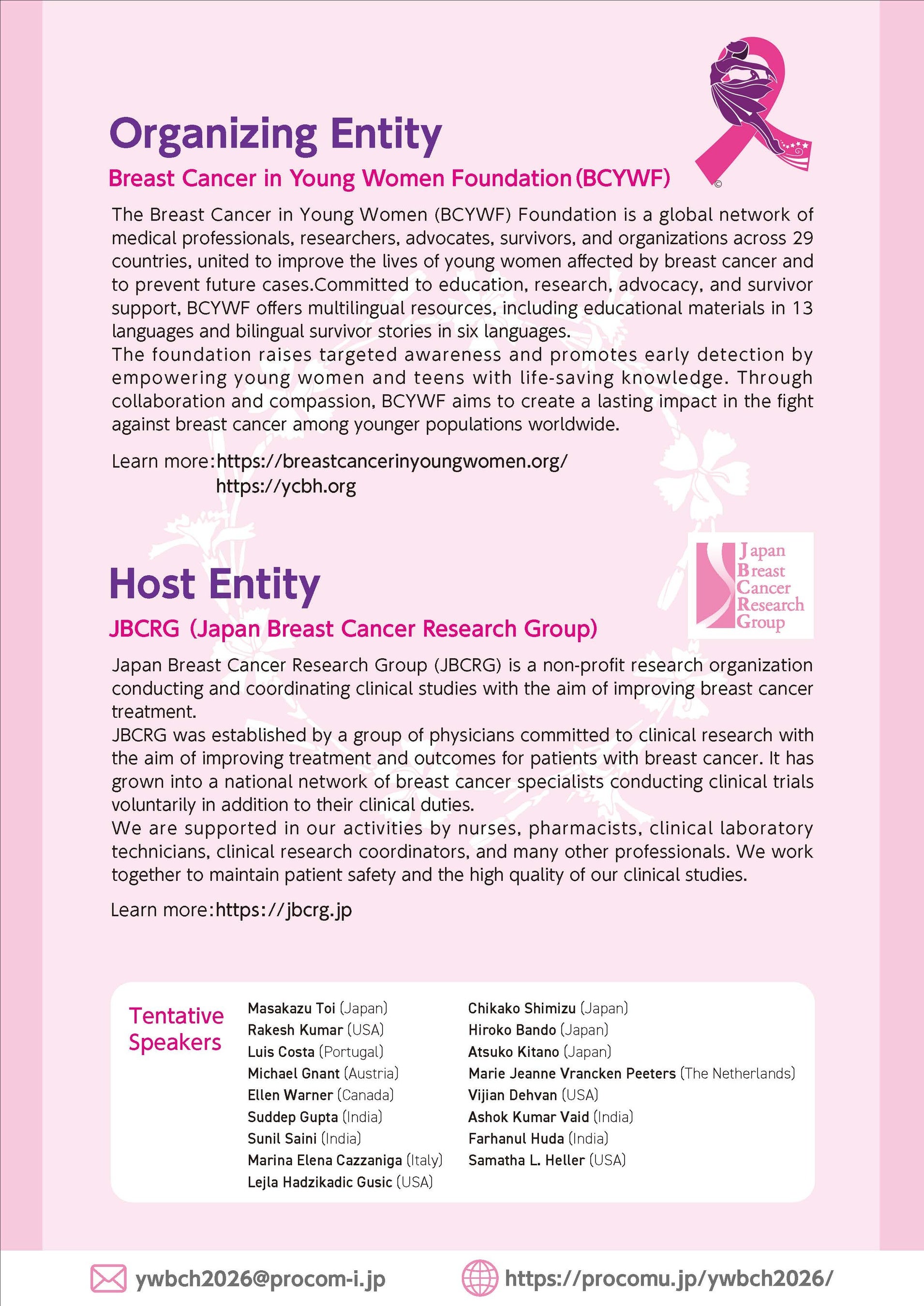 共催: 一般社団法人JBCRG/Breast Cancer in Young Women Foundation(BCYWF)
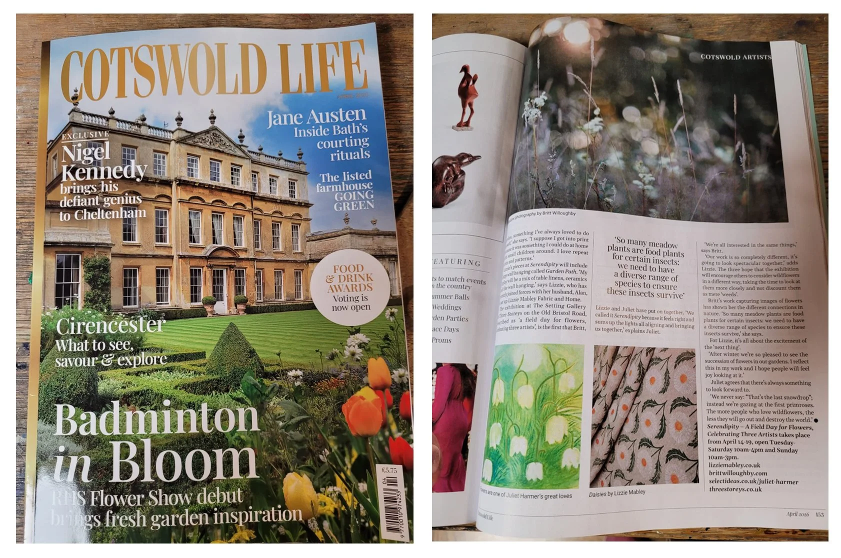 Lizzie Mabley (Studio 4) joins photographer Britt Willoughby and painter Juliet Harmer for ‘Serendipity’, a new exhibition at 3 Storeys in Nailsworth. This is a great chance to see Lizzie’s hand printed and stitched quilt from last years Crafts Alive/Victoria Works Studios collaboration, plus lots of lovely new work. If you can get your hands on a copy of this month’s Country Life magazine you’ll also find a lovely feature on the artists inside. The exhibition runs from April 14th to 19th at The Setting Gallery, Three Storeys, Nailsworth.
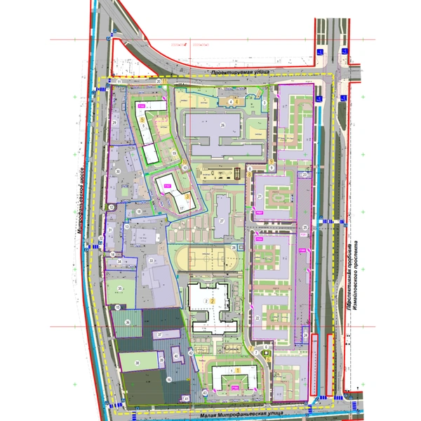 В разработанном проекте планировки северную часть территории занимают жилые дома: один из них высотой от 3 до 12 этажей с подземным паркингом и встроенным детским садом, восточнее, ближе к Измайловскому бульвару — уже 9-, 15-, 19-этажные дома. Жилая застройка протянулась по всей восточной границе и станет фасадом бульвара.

Problem:
Give back exactly the lines from the opening of the listing through the line holding "Lizzie Mabley (Studio", both ends included, with every picture omitted.

Expected answer:
 共催: 一般社団法人JBCRG/Breast Cancer in Young Women Foundation(BCYWF)
 Lizzie Mabley (Studio 4) joins photographer Britt Willoughby and painter Juliet Harmer for ‘Serendipity’, a new exhibition at 3 Storeys in Nailsworth. This is a great chance to see Lizzie’s hand printed and stitched quilt from last years Crafts Alive/Victoria Works Studios collaboration, plus lots of lovely new work. If you can get your hands on a copy of this month’s Country Life magazine you’ll also find a lovely feature on the artists inside. The exhibition runs from April 14th to 19th at The Setting Gallery, Three Storeys, Nailsworth.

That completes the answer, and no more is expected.